A gay, forty-four-year-old Scottish fashion-designer-turned-writer, Stuart has said that the novel, which took him ten years to write, is drawn from his life in Glasgow during the 1980s and ’90s. Stuart was bullied for being effeminate. He didn’t know his father; the family lived in poverty; his mother died of alcoholism when he was fifteen; his older half-brother and half-sister, unable to live with their mother’s alcoholic binges, left home, leaving him to care for her alone.

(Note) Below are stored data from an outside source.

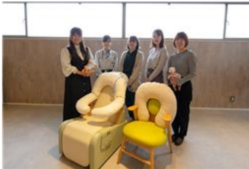
「OyaCoco」の製品と開発メンバー

また、低出生体重児のカンガルーケアに対する椅子「OyaCoco（おやここ）」を開発し、第33回日本新生児看護学会・学術集会（2024年11月）にて展示。主に病院向けに販売を開始しております。
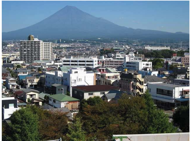
ラ・ホール富士から見た地区のまち並み
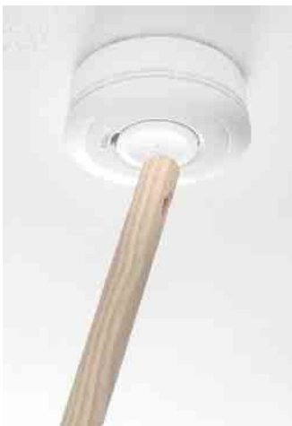
Ein großer Stummschaltknopf bei Rauchmeldern erleichtert das temporäre Deaktivieren des Signals ohne Leiter.

Wichtig zum Vermeiden von Fehllalarmen ist, dass die Installation der Rauchmelder in den richtigen
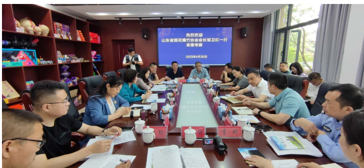
△协会与上栗县政府相关部门座谈交流
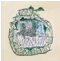
우정집신분전구역도 <郵政集信分傳區域圖> 1884년 우정업무 시작 초기의 서울안 우표판매소 및 구역을 표시한 지도
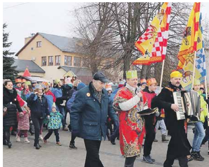
Tradycyjnie już, orszak poprowadzili Królowie oraz Józef i Maryja
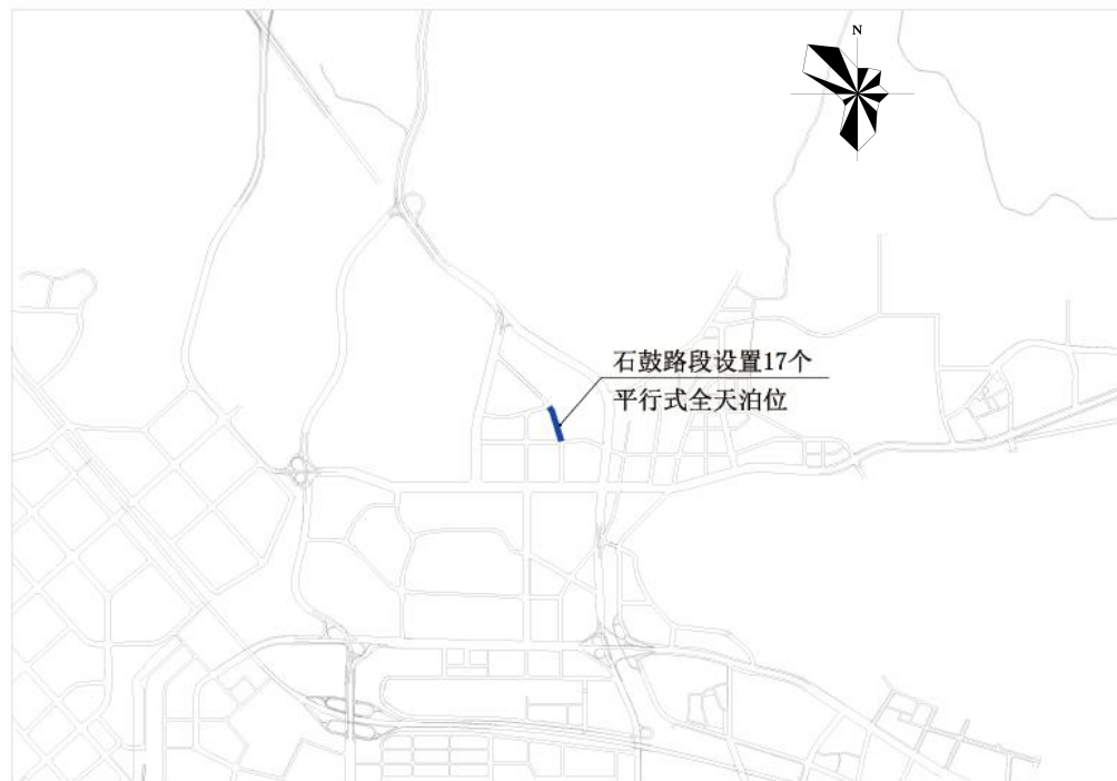
南山区石鼓路路边停车泊位规划示意图

The novel opens and closes with an almost-sixteen-year-old Shuggie living in a bedsit, working to put himself through school after his mother’s death. In between, the narrative flashes back to his boyhood, showing how Shuggie tries to overcome the misery of his growing-up years while working to save his mother from herself. In one harrowing scene, Agnes sets fire to the bedroom curtains, nearly killing herself, five-year-old Shuggie, and the rest of her family. This infuriates her father, Wullie, who holds the thirty-nine-year-old over his knee and lashes her with his “union” belt. Meanwhile, he bellows out his prayer: “Lord, Jesus Christ, I ask you to give me the strength to forgive [Agnes].” Another traumatic scene occurs when Agnes leaves Shuggie and doesn’t return home. The boy, who is only about ten, cannot find her. When he finally does, she is at a party—half naked and passed out drunk under a pile of winter coats.

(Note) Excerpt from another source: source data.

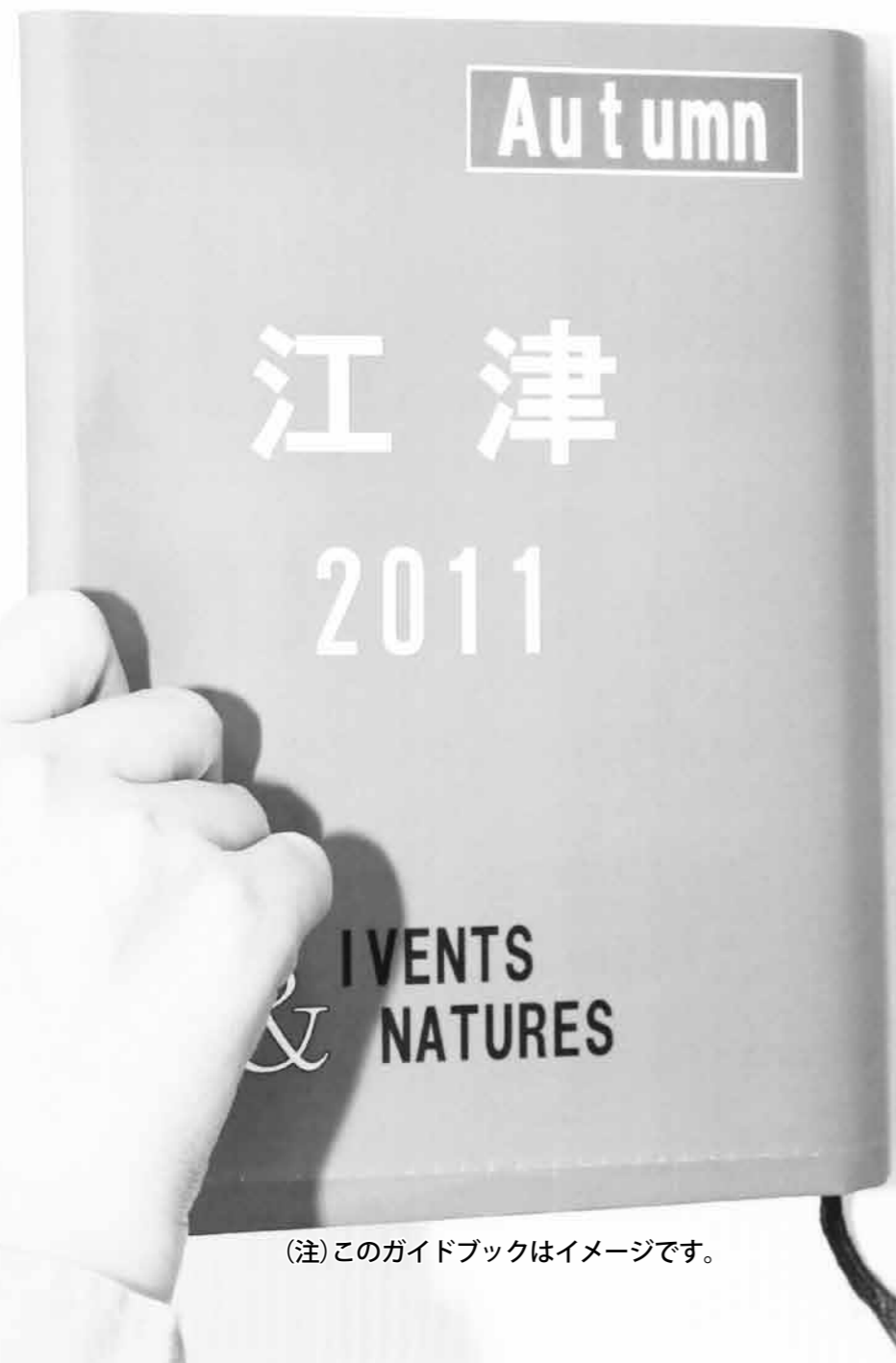
(注)このガイドブックはイメージです。

四季の中でも、もっとも過ごしやすい季節、秋です。江津の秋は神楽にイベントに、自然美にと魅力がたつぷり。かわらばん11月号では、江津の秋の魅力をガイドブックにまとめました。これを読めば、江津の魅力に出会うこと間違いなし?どうぞご覧ください。
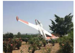
מנועיה על הקרונוה שערן מפעל מנועי בית שמש.

ברבעונים הבאים ומצפים לחזרה הדרגתית לפעילות מלאה, כפי שהייתה ערב המשבר ואף מנבא לכן. במקביל, אנו ערוכים לספק את הביקושים החלים של לקוחותנו, בין היתר, באמצעות הפעלת החליש והשקעות נוספות שביצענו במימון וטכנולוגיות חדשות שיתמכו בשיפור הביצועים".
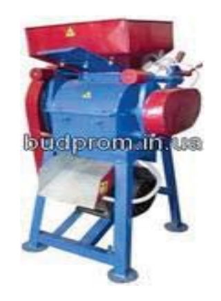
Рисунок 2 – Валкова-плющилка ВПК-150

Set in Glasgow during the Thatcher era, this 430-page Bildungsroman features long-simmering conflicts between Protestants and Catholics. Stuart, who has said he’s both Protestant (after his father) and Catholic (after his mother), injects religious references on nearly every page. Although this aspect of the novel hasn’t received much attention, religious feuding permeates the characters’ lives and exacerbates their problems. Wullie’s anger with Agnes, for example, was partly fueled by her not attending Mass that day. More significantly, Agnes’s Catholic parents were not present at her wedding to the Protestant Big Shug, believing it was wrong for her to marry out of her religion and divorce her first husband, a Catholic who was a faithful man and a good provider. This snub is arguably the root of the tension between Agnes and Big Shug.